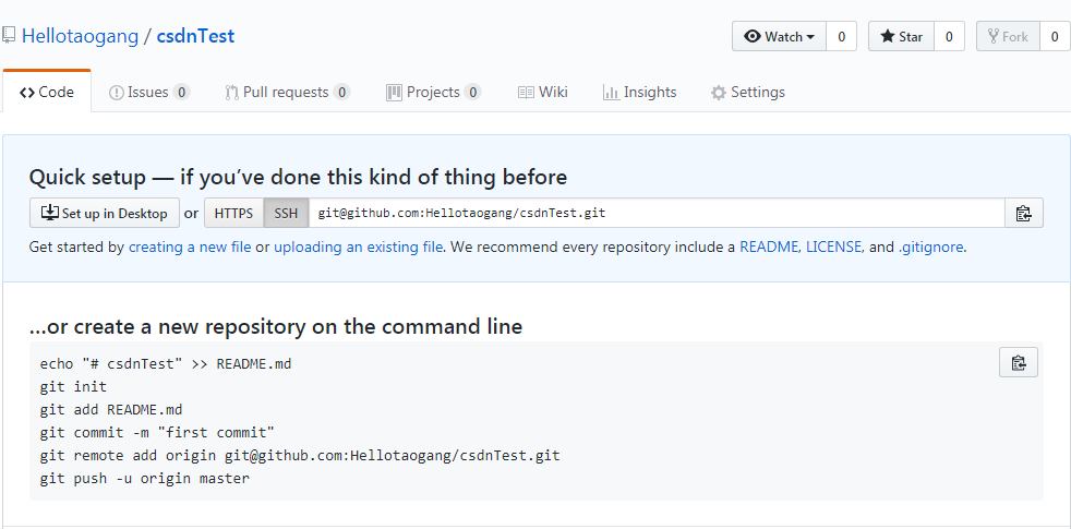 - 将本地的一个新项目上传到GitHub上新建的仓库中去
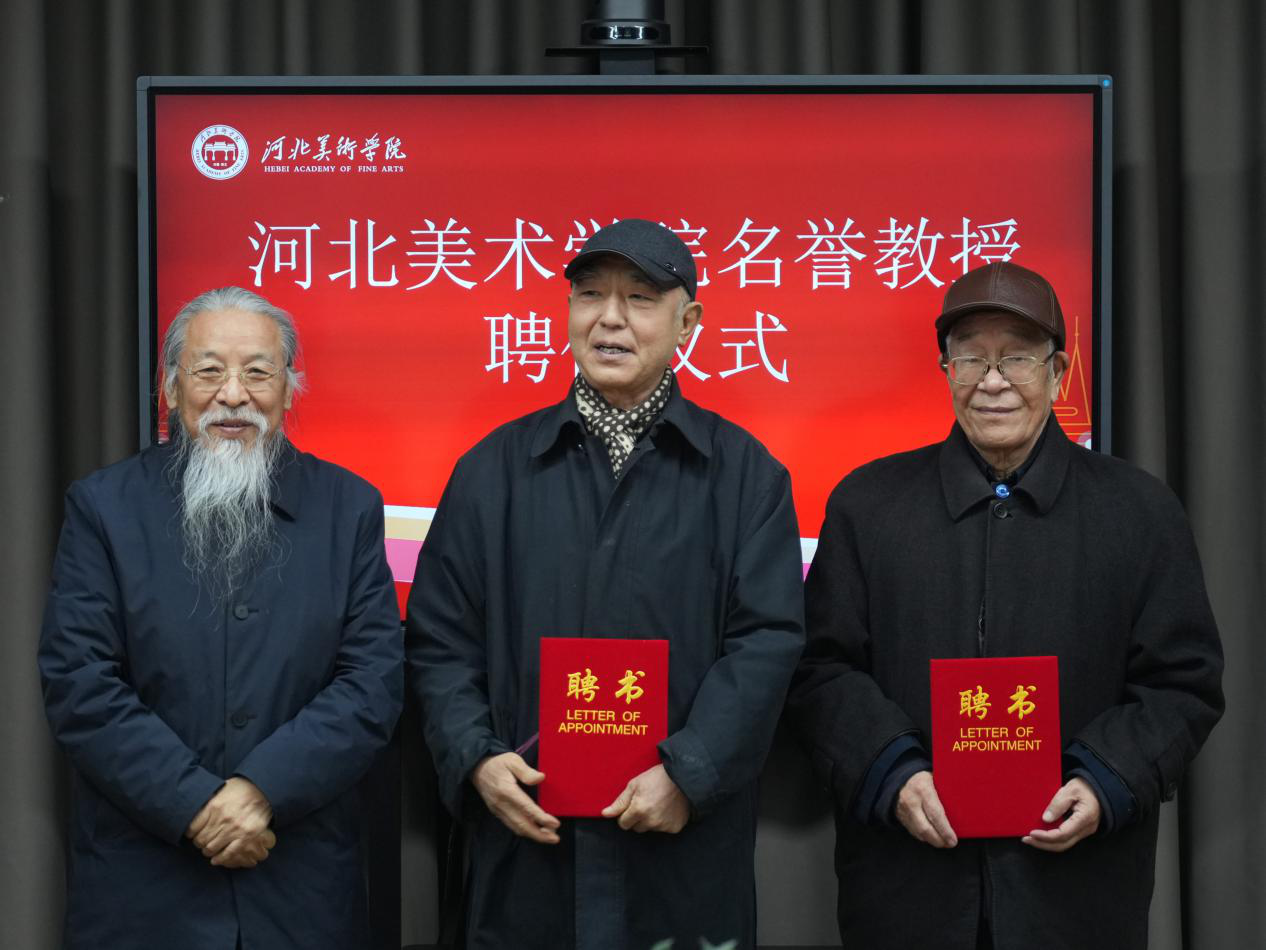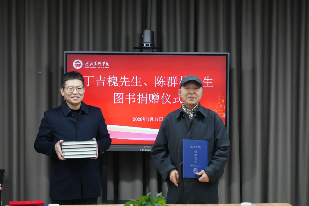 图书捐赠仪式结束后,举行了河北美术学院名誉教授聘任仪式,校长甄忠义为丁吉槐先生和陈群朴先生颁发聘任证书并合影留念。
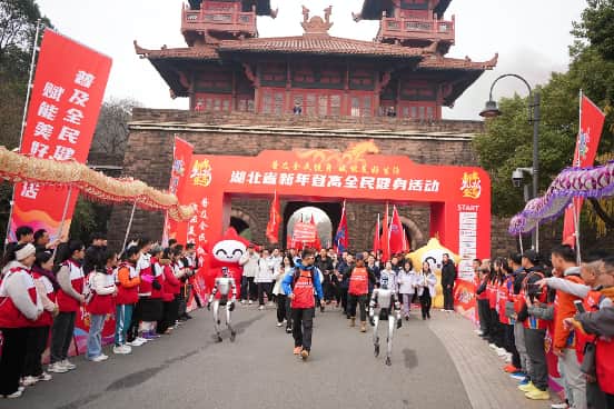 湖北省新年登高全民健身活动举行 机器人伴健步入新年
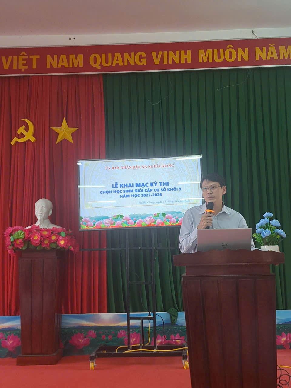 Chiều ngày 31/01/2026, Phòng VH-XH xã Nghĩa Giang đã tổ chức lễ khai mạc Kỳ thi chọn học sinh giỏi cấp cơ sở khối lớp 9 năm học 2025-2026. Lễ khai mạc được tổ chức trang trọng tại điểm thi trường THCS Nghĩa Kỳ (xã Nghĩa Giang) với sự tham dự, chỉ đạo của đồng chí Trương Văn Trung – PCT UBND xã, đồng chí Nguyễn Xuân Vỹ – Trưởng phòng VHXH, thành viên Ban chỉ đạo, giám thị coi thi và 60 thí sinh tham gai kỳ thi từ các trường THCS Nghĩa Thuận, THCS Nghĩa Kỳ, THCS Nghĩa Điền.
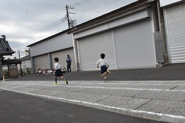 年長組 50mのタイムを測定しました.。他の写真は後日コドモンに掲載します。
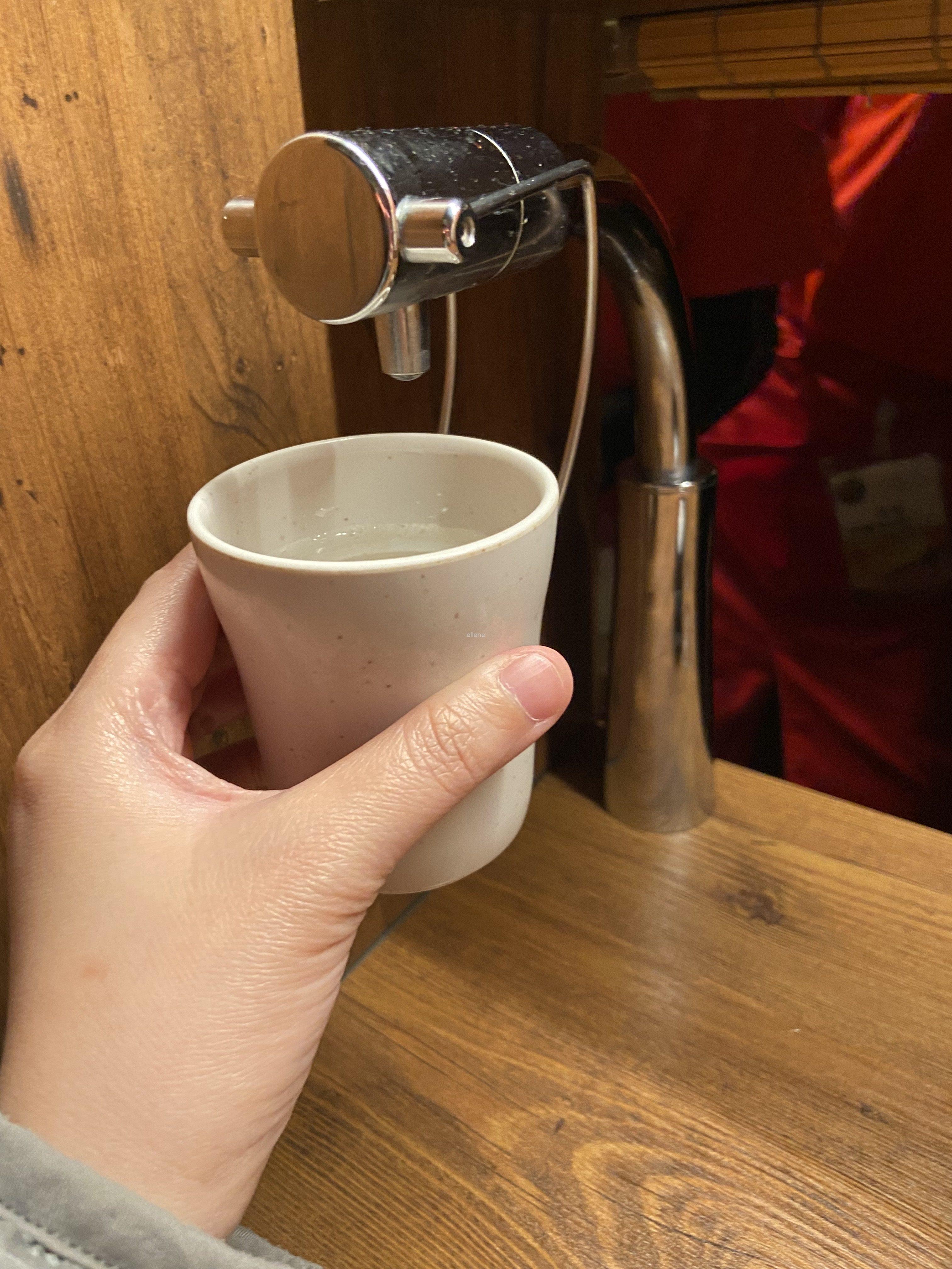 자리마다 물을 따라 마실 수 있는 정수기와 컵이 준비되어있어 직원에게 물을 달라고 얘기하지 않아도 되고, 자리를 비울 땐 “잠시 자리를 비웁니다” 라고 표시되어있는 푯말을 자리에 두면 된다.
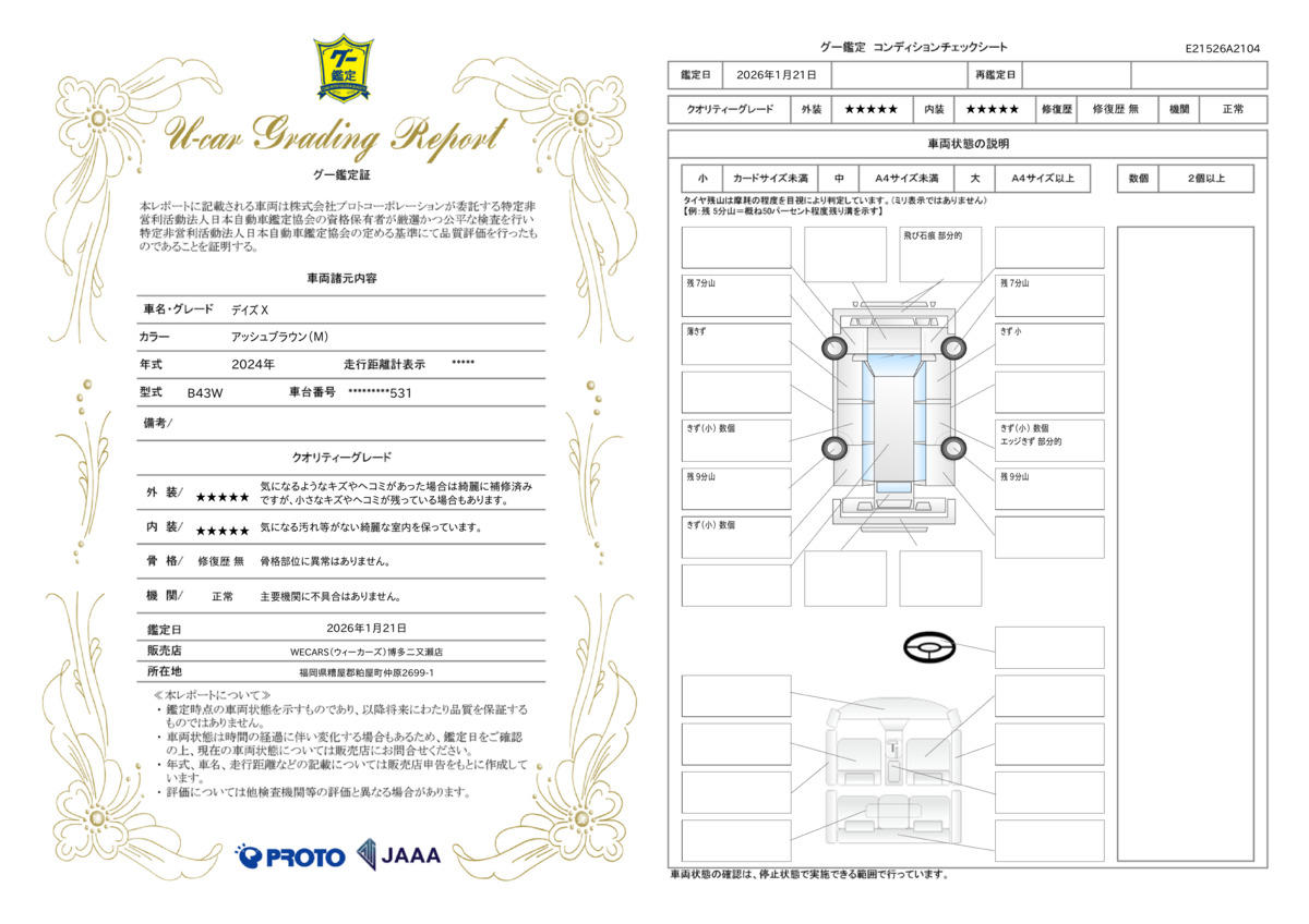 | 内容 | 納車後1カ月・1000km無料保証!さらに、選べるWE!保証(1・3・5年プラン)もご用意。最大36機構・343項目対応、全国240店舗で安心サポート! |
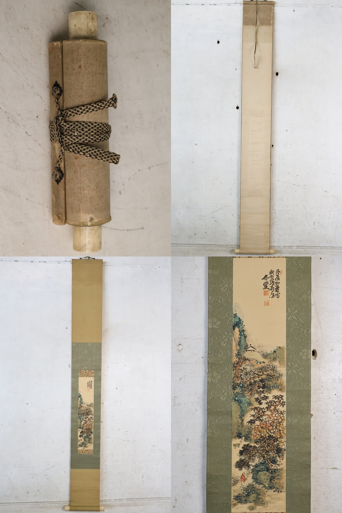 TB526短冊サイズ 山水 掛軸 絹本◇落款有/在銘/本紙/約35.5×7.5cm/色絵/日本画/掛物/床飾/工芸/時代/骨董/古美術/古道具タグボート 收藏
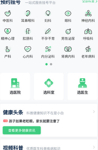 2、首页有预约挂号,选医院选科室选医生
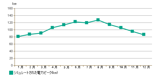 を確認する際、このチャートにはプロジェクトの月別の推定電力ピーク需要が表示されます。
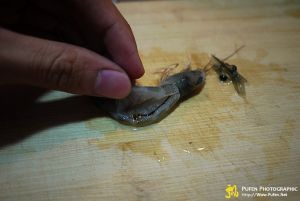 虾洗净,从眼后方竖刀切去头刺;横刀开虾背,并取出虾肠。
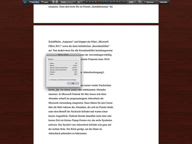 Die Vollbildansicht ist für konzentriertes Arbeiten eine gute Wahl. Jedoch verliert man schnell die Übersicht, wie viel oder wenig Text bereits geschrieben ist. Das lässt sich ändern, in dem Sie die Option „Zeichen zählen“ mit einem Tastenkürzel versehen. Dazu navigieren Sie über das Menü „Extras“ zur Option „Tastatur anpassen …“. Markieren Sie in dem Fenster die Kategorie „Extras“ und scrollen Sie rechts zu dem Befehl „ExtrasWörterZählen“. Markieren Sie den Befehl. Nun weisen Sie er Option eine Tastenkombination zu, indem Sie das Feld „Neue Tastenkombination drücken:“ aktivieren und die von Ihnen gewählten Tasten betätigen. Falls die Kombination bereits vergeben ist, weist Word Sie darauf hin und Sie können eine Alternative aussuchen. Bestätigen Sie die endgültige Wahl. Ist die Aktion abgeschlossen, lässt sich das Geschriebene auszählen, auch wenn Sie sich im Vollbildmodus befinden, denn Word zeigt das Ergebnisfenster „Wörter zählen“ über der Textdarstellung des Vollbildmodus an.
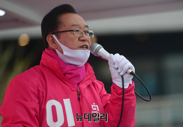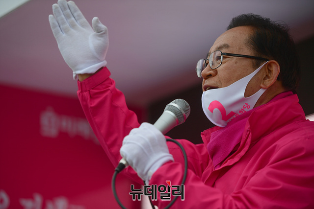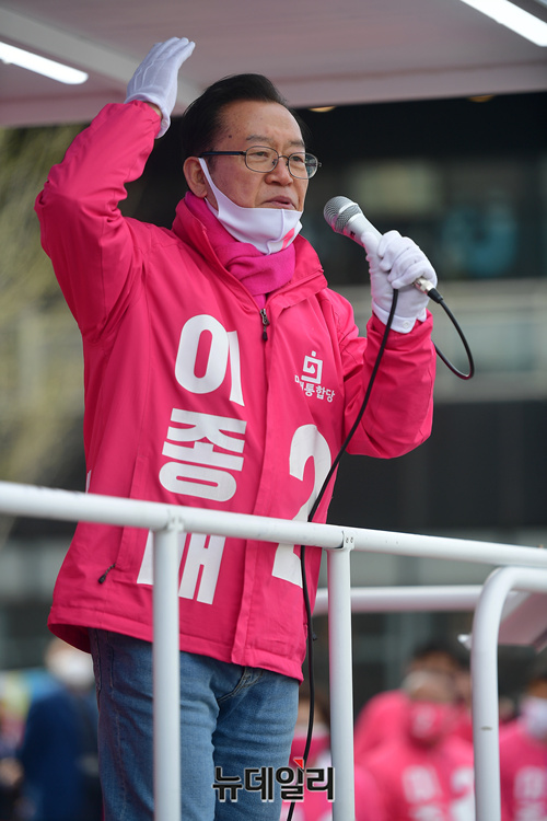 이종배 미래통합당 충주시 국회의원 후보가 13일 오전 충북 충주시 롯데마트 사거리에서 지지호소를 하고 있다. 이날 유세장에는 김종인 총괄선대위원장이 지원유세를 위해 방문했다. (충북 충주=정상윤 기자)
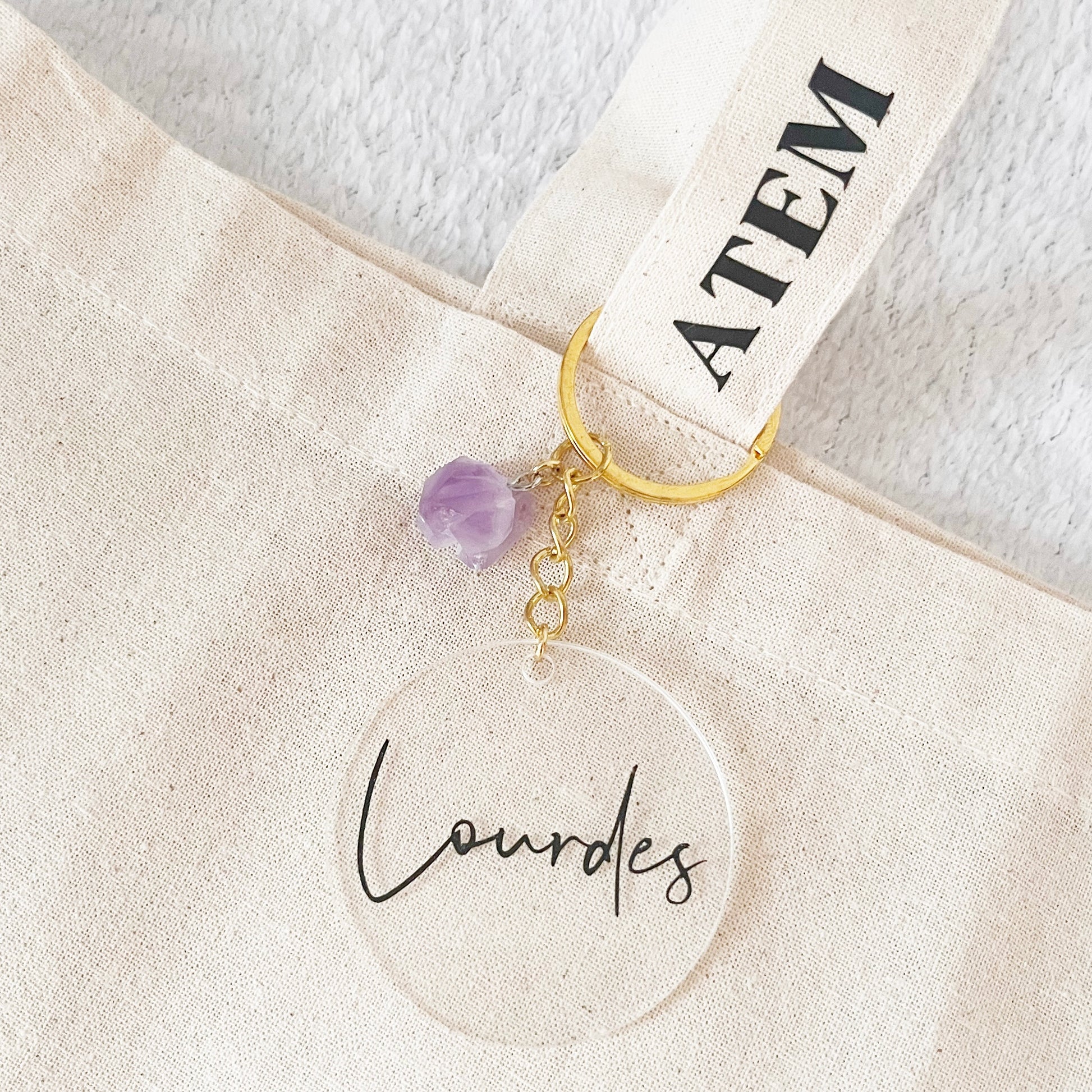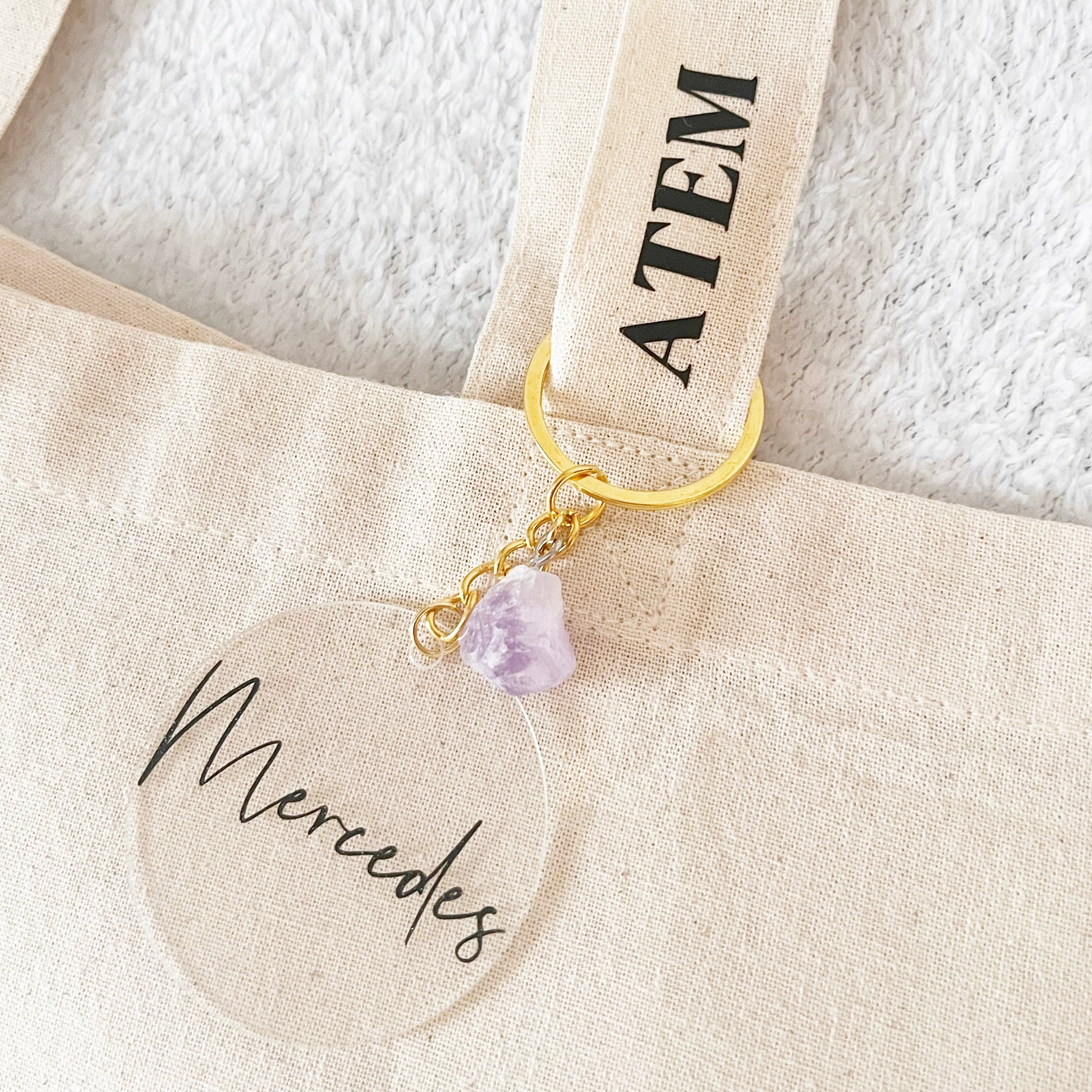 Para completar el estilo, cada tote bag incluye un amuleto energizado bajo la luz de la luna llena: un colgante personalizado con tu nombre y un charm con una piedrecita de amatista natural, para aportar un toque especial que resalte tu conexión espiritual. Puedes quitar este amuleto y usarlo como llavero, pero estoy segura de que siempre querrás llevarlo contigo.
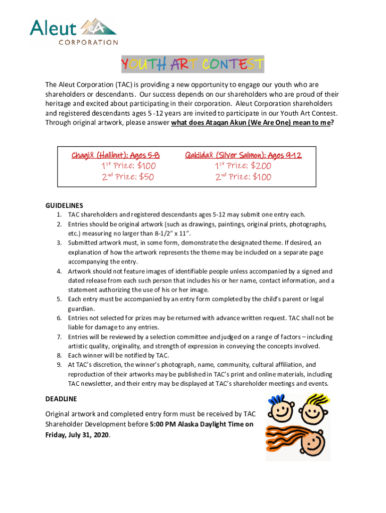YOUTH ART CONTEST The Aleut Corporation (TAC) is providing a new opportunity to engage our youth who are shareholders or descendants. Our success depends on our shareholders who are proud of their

━━━━━━

### [What to do]
Repeat the data exactly. Pictures should not appear.

### [Problem solution]
 - 将本地的一个新项目上传到GitHub上新建的仓库中去
 图书捐赠仪式结束后,举行了河北美术学院名誉教授聘任仪式,校长甄忠义为丁吉槐先生和陈群朴先生颁发聘任证书并合影留念。
 湖北省新年登高全民健身活动举行 机器人伴健步入新年
 Chiều ngày 31/01/2026, Phòng VH-XH xã Nghĩa Giang đã tổ chức lễ khai mạc Kỳ thi chọn học sinh giỏi cấp cơ sở khối lớp 9 năm học 2025-2026. Lễ khai mạc được tổ chức trang trọng tại điểm thi trường THCS Nghĩa Kỳ (xã Nghĩa Giang) với sự tham dự, chỉ đạo của đồng chí Trương Văn Trung – PCT UBND xã, đồng chí Nguyễn Xuân Vỹ – Trưởng phòng VHXH, thành viên Ban chỉ đạo, giám thị coi thi và 60 thí sinh tham gai kỳ thi từ các trường THCS Nghĩa Thuận, THCS Nghĩa Kỳ, THCS Nghĩa Điền.
 年長組 50mのタイムを測定しました.。他の写真は後日コドモンに掲載します。
 자리마다 물을 따라 마실 수 있는 정수기와 컵이 준비되어있어 직원에게 물을 달라고 얘기하지 않아도 되고, 자리를 비울 땐 “잠시 자리를 비웁니다” 라고 표시되어있는 푯말을 자리에 두면 된다.
 | 内容 | 納車後1カ月・1000km無料保証!さらに、選べるWE!保証(1・3・5年プラン)もご用意。最大36機構・343項目対応、全国240店舗で安心サポート! |
 TB526短冊サイズ 山水 掛軸 絹本◇落款有/在銘/本紙/約35.5×7.5cm/色絵/日本画/掛物/床飾/工芸/時代/骨董/古美術/古道具タグボート 收藏
 2、首页有预约挂号,选医院选科室选医生
 を確認する際、このチャートにはプロジェクトの月別の推定電力ピーク需要が表示されます。
 虾洗净,从眼后方竖刀切去头刺;横刀开虾背,并取出虾肠。
 Die Vollbildansicht ist für konzentriertes Arbeiten eine gute Wahl. Jedoch verliert man schnell die Übersicht, wie viel oder wenig Text bereits geschrieben ist. Das lässt sich ändern, in dem Sie die Option „Zeichen zählen“ mit einem Tastenkürzel versehen. Dazu navigieren Sie über das Menü „Extras“ zur Option „Tastatur anpassen …“. Markieren Sie in dem Fenster die Kategorie „Extras“ und scrollen Sie rechts zu dem Befehl „ExtrasWörterZählen“. Markieren Sie den Befehl. Nun weisen Sie er Option eine Tastenkombination zu, indem Sie das Feld „Neue Tastenkombination drücken:“ aktivieren und die von Ihnen gewählten Tasten betätigen. Falls die Kombination bereits vergeben ist, weist Word Sie darauf hin und Sie können eine Alternative aussuchen. Bestätigen Sie die endgültige Wahl. Ist die Aktion abgeschlossen, lässt sich das Geschriebene auszählen, auch wenn Sie sich im Vollbildmodus befinden, denn Word zeigt das Ergebnisfenster „Wörter zählen“ über der Textdarstellung des Vollbildmodus an.
 이종배 미래통합당 충주시 국회의원 후보가 13일 오전 충북 충주시 롯데마트 사거리에서 지지호소를 하고 있다. 이날 유세장에는 김종인 총괄선대위원장이 지원유세를 위해 방문했다. (충북 충주=정상윤 기자)
 Para completar el estilo, cada tote bag incluye un amuleto energizado bajo la luz de la luna llena: un colgante personalizado con tu nombre y un charm con una piedrecita de amatista natural, para aportar un toque especial que resalte tu conexión espiritual. Puedes quitar este amuleto y usarlo como llavero, pero estoy segura de que siempre querrás llevarlo contigo.
YOUTH ART CONTEST The Aleut Corporation (TAC) is providing a new opportunity to engage our youth who are shareholders or descendants. Our success depends on our shareholders who are proud of their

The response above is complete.